Low-cost Tablet Market Needs a Serious Facelift


      The overall tablet market is in sort of a downward slump right now. With tablet sales expected to stall 7.2 percent this year, down from the enormous 53.7 percent growth last year, developers and manufacturers are scrambling to come up with something new for the struggling tablet industry.
     Although tablets will soon become the go-to device for most American consumers, and perhaps even shoppers in developing markets, to perform their everyday tasks, sales have suddenly taken a dive, something that’s unheard of for red hot consumer electronics.
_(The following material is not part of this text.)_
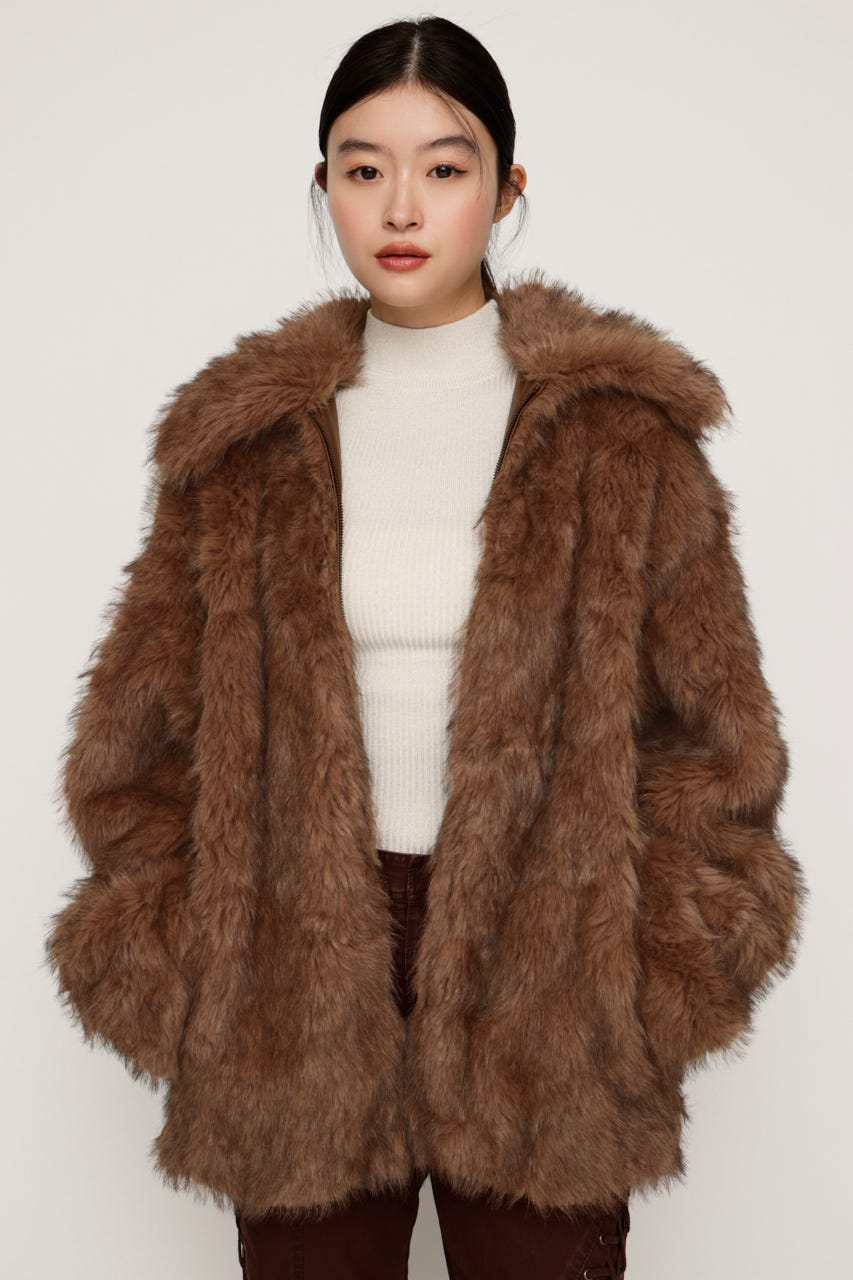 ■POINT:ボリュームたっぷりのビッグカラーが顔まわりを華やかに演出する、フェイクファーコート。

     Experts have tried to reassure investors by arguing that this just a short-term hurdle to overcome and that there were too many quixotic expectations in the early stages of the mobile market. Others, however, have conceded that tablets are akin to video game consoles in the sense that they don’t have the same utility as a smartphone, and consumers are beginning to come to this realization.
     Benedict Evans, an analyst and investor with the venture capital firm Andreessen Horowitz, told Bloomberg News that as smartphones become larger and transform into phablets (a hybrid of a phone and a table) consumers are having a difficult time attempting to justify throwing down $400 for a tablet.
     The International Data Corporation (IDC) averred in a report that many consumers are using their smartphones to perform their day-to-day chores and office tasks instead of their tablets – this also means that tablet lifecycles are lasting longer than the usual two- to three-year periods that smartphones experience.
     Since consumers and workplaces are depending upon personal computers and laptops to perform more complex duties, like content creation and document production, there is a growing trend to adopt low-cost tablets. The demand for these products have seen immense growth in emerging markets, particularly in China and India.
     Manufacturers are already taking advantage of this. Chinese manufacturer Xiaomi may launch a $100 tablet early next year, while Samsung’s low-cost tablets are generating an enormous amount of sales in New Delhi. Meanwhile, Intel announced last month a partnership with Chinese chip maker Rockchip to produce processors for low-cost tablets and other affordable devices.
     The XMM6321 dual-core processor with 3G capabilities, which was the first chip to come out of the collaborative process between both enterprises, is already reaching global markets for the inexpensive mobile devices. It has become so successful that it will soon be seen in Android devices.
     According to media reports, the chip supports display resolutions of 854 x 480 or 1024 x 600 pixels and can handle 1080p HD video decoding at 30 FPS while also enabling 8MP rear and 3MP front cameras. In addition, it can have a clock speed of one GHz.
     With the Chinese tablet market projected to grow between 40 and 60 percent within the next few years, it’s this type of power that low-cost tablets need. Will it facilitate enormous growth of the low-cost tablet industry? Time will tell, but it is promising that companies like Samsung and Intel are taking it seriously.
     Tech firms are realizing that consumers prefer to use tablets for social media, shopping and checking email, but when it comes to more intricate aspects, ostensibly the PC remains king for bigger and more important computer tasks – hence why desktop PC shipments will reach 133.5 million units in 2014, only slightly down 2.2 percent from last year.
IDC analyst Tom Mainelli may have said it best in an interview with Computer Weekly: “PCs still have a big role to play, primarily in commercial but also in consumers’ lives.”
     Apparently, the untimely demise of the death of the PC have been greatly exaggerated, and this won’t bode well for the tablet industry unless something can transform the power and functionality of tablets.